Согласно этому поэтическому принципу построения текста, каждый элемент раскрывается многосторонне; и судебные дела, и действия главного героя — «сличал показания и подводил под законы» [Толстой 1984, 154] — становятся метафорической формой акта повествования и текстопорождения: как нарратор рассматривает «дело Ивана Ильича» с разных сторон, так и «авторский» субъект текста подвергает языки критике и открывает поэтические перспективы значений слов и имен. Приведем пример. Судебный термин «сличать» повторяется в другом, простом контексте. Действие героя в эпизоде, когда он видит совершившуюся в его облике перемену, — «сличил портрет с женой с тем, что он видел в зеркале» [161], — является не только развертыванием мотива «зеркала», тематической проекцией зеркальности, но и анаграмматической демонстрацией связи отчества героя (Ильич) с его действием («сличение»).

Имя «Иван» и отчество «Ильич» разложены в тексте на сегменты параллельно разложению тела и разбору души героя. Смерть Ивана Ильича низведена окружающими (ср. движение вниз) «на степень случайной неприятности, отчасти неприличия» [Толстой 1984, 168]. В повествовании открыто заявляется, что герой «служил всю свою жизнь» приличию, но теперь, когда вместо светских визитов наступает самый «торжественный акт» жизни [Толстой 1984, 168], обнажается настоящее значение слова «при/личие». Если раздробить внешнюю оболочку слова, то раскрывается его внутренний смысл, т. е. оно означает только маску, показное, видимость, скрывающую настоящее значение: «лицо». Приличное поведение остается бессильно в понимании истинного положения дел, правильной семантики слов. При этом не только возводится в ранг поэтического приема этимологизация и актуализация исторически сложившихся и соприкасающихся семантических полей слов, как, например, «суд» — «судьба», но и стершиеся понятия обрастают новым смыслом.

В связи с именем «Иван» отметим, что герой должен занять должность до 10-го сентября. Точные даты в повести служат не только исключению фикциональности, они имеют также и номинативную функцию. В этот день отмечают в христианском мире мученическую кончину Иоанна Крестителя. В данном случае связь может проявляться в том, что главного героя Толстого называют Иваном и в это время начинается его болезнь.

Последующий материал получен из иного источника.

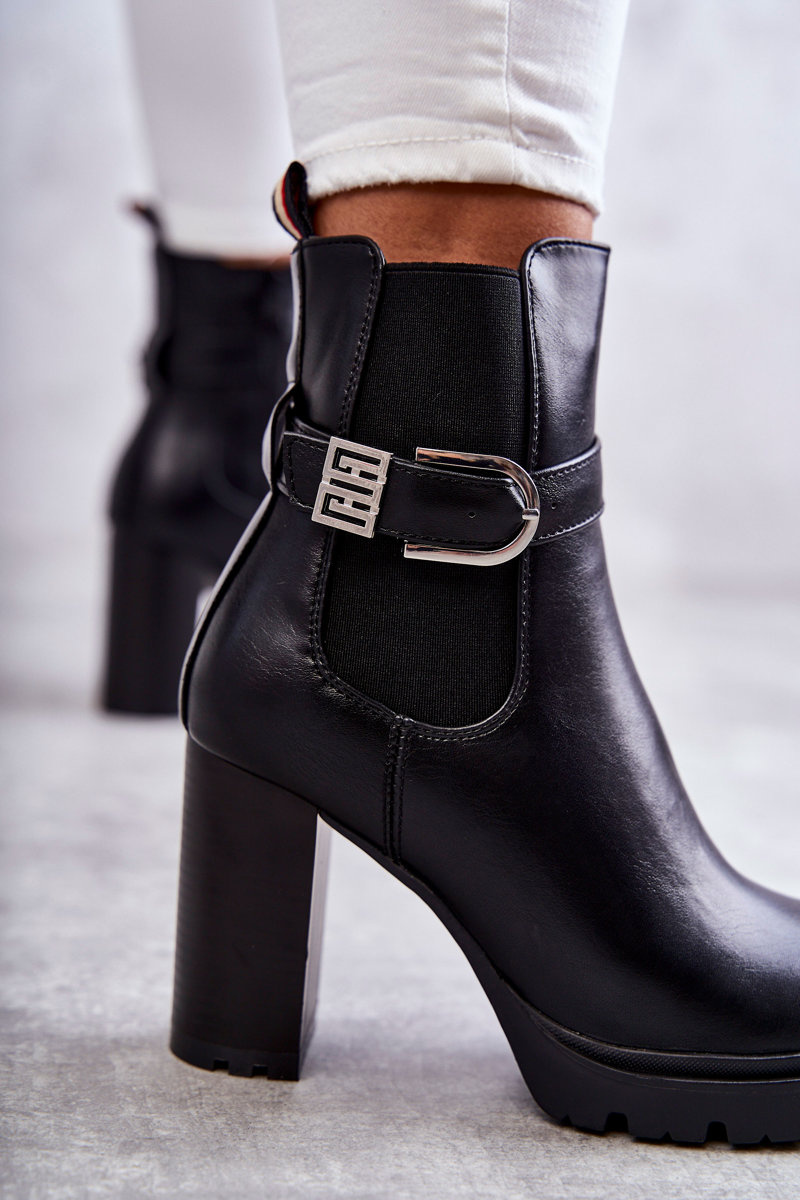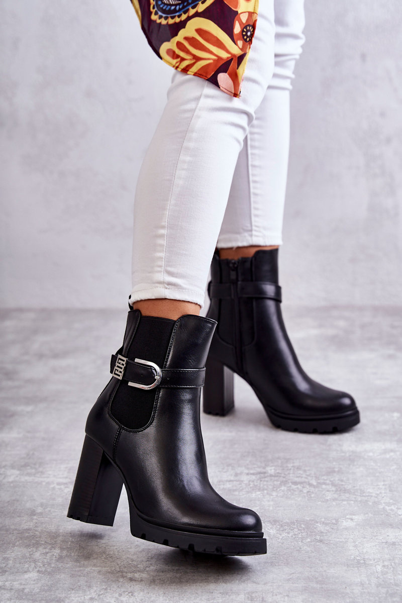 Botki Skóra Obcas Słupek Ozdobny Pasek Czarne Maresol

5. Неуместными становятся постоянные сомнения в установлении диагноза врачами («взвешивание вероятностей»). Медицинские неопределенные «то-то и то-то» представляют ряд местоимений, скрывающих настоящую суть вещей. Здесь предположения касаются правильного наименования болезни. Однако в презентации наррации появляются и «олицетворения», так как в ответе звучит органическая подмена — блуждающая почка и слепая кишка, нарушающие порядок, правильность прежней жизни, «что-то делали не так, как следовало, и на которые за это вот-вот нападут Михаил Данилович и знаменитость и заставят их исправиться» [Толстой 1984, 172]. В действии персонажей — доктора наступательно стараются вернуть сошедшего с пути больного — реализуется иносказательный смысл. Имя Михаил Данилович коннотирует с образом известного архангела, являющегося главой святого воинства ангелов и воющего, в том числе, и со злыми духами, которые в христианстве считались источником болезней, отсюда и следует название действия («нападать»).

Определения боли (глухая, ноющая), язык медицины (речь доктора) становятся смыслообразующими факторами (все получает более серьезное значение в процессе, ведущем к прозрению), чувство обретает свойство новизны вместо привычного и тяжести вместо веселого и легкого. Раскрываются связи между туманностью врачебного языка, недоступностью поведения и сомнительными советами докторов — и путаницей в результатах исследования больного. Другие ответы, иначе поставленные вопросы и определения болезни усугубляют хаос в ее наименовании.

Терминология («запутанные, неясные научные слова» [Толстой 1984, 157]) должна быть переведена на другой язык. Иван Ильич сначала считает, что ответ доктора можно декодировать на «простом языке». В данном случае возникает вторичный смысл, а именно, что ему «очень плохо». Аллегорический язык же раскрывает другой пласт понимания, где ответ указывает на высший суд, перед которым его дело обстоит далеко не выигрышно (говоря языком карточных игр, тоже занимающих важное место в повести). Метафорическое смыслообразование уводит в сторону дискурсивного подхода: речь идет о самом языке вопроса и ответа. На каком языке необходимо поставить вопрос о жизни и смерти, может ли читатель довольствоваться аллегорическим языком нарратора или простым языком героя?

6. Болезненное состояние героя вызывается проблемами с принятием пищи. Это физиологический симптом расстройства желудка, пищеварительной системы, т. е. дисфункционируют органы для поддержания жизненных процессов. В иносказательной форме высшее наказание наступает из-за слишком «животной», материальной жизни (см. назидание «не хлебом единым жив человек»): герой предупреждается о том, что должен обратить внимание на духовную пищу. Предметное толкование соответствует простому языку, нравственное — аллегорическому, «высокому», а метафоризация углубляет и расширяет спектры значений, следовательно, интерпретаций, служит порождению поэтического дискурса.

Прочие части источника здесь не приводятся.